Dominique Reymond : Il y a trois ans, Lionel Baier m’a proposé de jouer Michel Foucault [dans la pièce Foucault en Californie, ndlr] alors que je voulais faire une pause avec le théâtre. J’ai trouvé cette proposition amusante et incongrue, car je n’avais jamais joué d’homme ni de philosophe. Ce fut un spectacle très joyeux, à Lausanne, au Théâtre Vidy, et l’on avait de grandes conversations le soir, avec Lionel. Je parlais de mon rapport au cinéma en disant que j’aurais eu envie d’en faire plus à l’époque où j’étais « jeune et belle ». Parce qu’on a dans la tête ce cliché selon lequel c’est bien d’être jeune et beau pour le cinéma. Mais je n’en ai pas fait énormément, car le théâtre a pris beaucoup de place dans ma vie.

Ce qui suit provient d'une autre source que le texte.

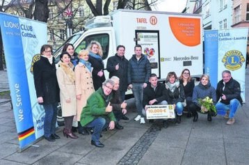 Cottbus (MB). So schön kann Weihnachten sein! Alle Beteiligten hatten ein richtig gutes Gefühl, als aus einer Gemeinschaftsaktion des Lions Club Cottbus, der Lions Frauen Cottbus-Lausitz, der Lidl-Kunden-Pfandaktion, des Albert Schweitzer Werks und des Mercedes Autohauses Cottbus eine riesige Summe zusammenkam, die zur Anschaffung eines Tiefkühl-Transporters für die Cottbuser Tafeln reichte. Übergeben wurde das Auto auf dem Schlosskirchplatz, wo die Lions-Freunde seit Jahren innerhalb des Weihnachtsmarktes feinen Glühwein für einen gute Zweck ausschenken.

Le jour de la première, Lionel m’offrit le roman La Cache de Christophe Boltanski et me dit : « Je suis désolé, mais tu vas y retourner. » Je connaissais bien sûr Christian Boltanski [artiste plasticien disparu en 2021, ndlr], son oncle, mais pas Christophe. Lionel avait ajouté : « Veux-tu joindre ton angoisse à la mienne ? » J’avais trouvé ça élégant. On s’était tellement bien entendu que le sujet du film, au fond, importait peu. J’avais fait Foucault avec lui, je pouvais bien faire autre chose qui n’avait même rien à voir avec moi. Mais, en lisant le livre, je me suis vite dit qu’il y avait une sorte de familiarité avec ce personnage et qu’il était un peu comme moi.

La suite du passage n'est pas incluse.